Vulcan. Ask anyone what a Vulcan is and their answer
will no doubt include a reference to the late Leonard Nimoy’s portrayal of Mr
Spock in the television series Star Trek. Vulcan was actually the Roman god of fire and he appears in many
pub names, not just in Bolton, though the town appears to have had more than
its fair share. The Vulcan on Junction Road is still with us and is noted in
the Dictionary Of Pub Names. [1]
The book also lists three other pubs of that name in
Millwall, Derby and Wales. But on Bolton there was also the Vulcan Inn at the
junction of Great Moor Street and Derby Street, the Horse and Vulcan off Folds
Road and the Eagle and Vulcan at 45 Folds Road.
The Eagle and Vulcan dates back to around the mid-1840s
and on the 1848 Bolton Directory it was being run by William Parkinson and his
wife Alice. The 1841 census shows the Parkinsons living in nearby Smith Street where
William worked as a spinner. The 1851 census has them at the Eagle and Vulcan.
William was an umbrella maker as well as the licensee of a beer-house, though
in reality it is likely to have been run by Ann.
The family had five children and were living with one of
William’s uncles, a servant and a lodger. It must have been a very crowded
existence and while the 1853 directory shows the Parkinsons still at the pub,
by the time of the 1861 census they had moved a few doors up Folds Road.
William was still making umbrellas.
By 1869, the Eagle and Vulcan was under the control of
Henry Shuttleworth. In September of that year a change in the law meant that
all the beerhouses in Bolton had to re-apply for their licenses. Henry
Shuttleworth appeared in front of the magistrates and was told his licence certificate
would be granted. But he was back in court again a week later. Two pubs in
Bolton were run by different men named Henry Shuttleworth: the Eagle and Vulcan and the
Lodge Bank Tavern. But the licence granted the previous week was for the Lodge
Bank. The clerk of the court stated that it wouldn’t be right to issue a
licence and then withdraw it a week later. The chairman of the bench, Mayor
James Barlow, agreed though he warned Henry Shuttleworth as to his future
conduct as he had two licensing convictions against him. A huge number of
beerhouses were closed as a result of the 1869 hearings and Henry was lucky
especially as Mayor Barlow was a lifelong temperance campaigner. [2] The Eagle
and Vulcan would most likely have been closed were it not for a clerical error.
As it was, the pub continued for another 99 years.
Henry Shuttleworth was gone from the Eagle and Vulcan
in little more than twelve months. He was succeeded by George Ryder who
remained at the pub until his death in 1879 at the age of just 39.
It became a Magees pub and it was
run by the Walkden family for a number of years. In 1901, James Walkden and his
wife Ann were running a fish and chip shop on Folds Road. By 1905 they were at
the Eagle and Vulcan. James died in 1920 at the age of just 49. Ann took over
the pub and ran it until her death in 1933.

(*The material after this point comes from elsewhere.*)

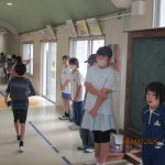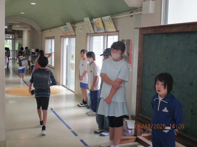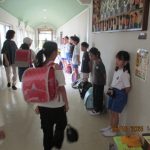 1 年生から6年生までが一緒に取り組むので,お互いに励みになり ますし上級生が下級生に声をかけることもできなかなか良い取り組 みの一つです。活動が終わると職員室の前に 集まり ,「よかったこと」 「直した方がいいところ」をみんなで出し合います。出された内容を, 代表児童が給食時に放送しています。この振り返りがとてもよいと思 います。全校であいさつを盛り上げていこうという 気持ちになります。

The Eagle and Vulcan was situated at the junction of
Hulme Street and it was the needs of the motor car that led to its demise. St
Peters Way was built along the path of the old Manchester, Bolton and Bury
Canal and as far as the junction of St George’s Street and Kay Street. That
meant the demolition of a number of properties at the bottom end of Folds Road
to accommodate a bridge for the by-pass.
The Eagle and Vulcan closed in 1968, by which time it was a Greenall Whitley pub. It was
demolished shortly afterwards.
[1] Dictionary Of Pub Names (2006)
[2] Bolton Evening News, 16 September 1869.
Folds Road in September 2012 (copyright Google Street
View). Hulme Street ended in between the motorway bridge and the slip road. The
Eagle and Vulcan was situated on the corner of Folds Road and Hulme Street.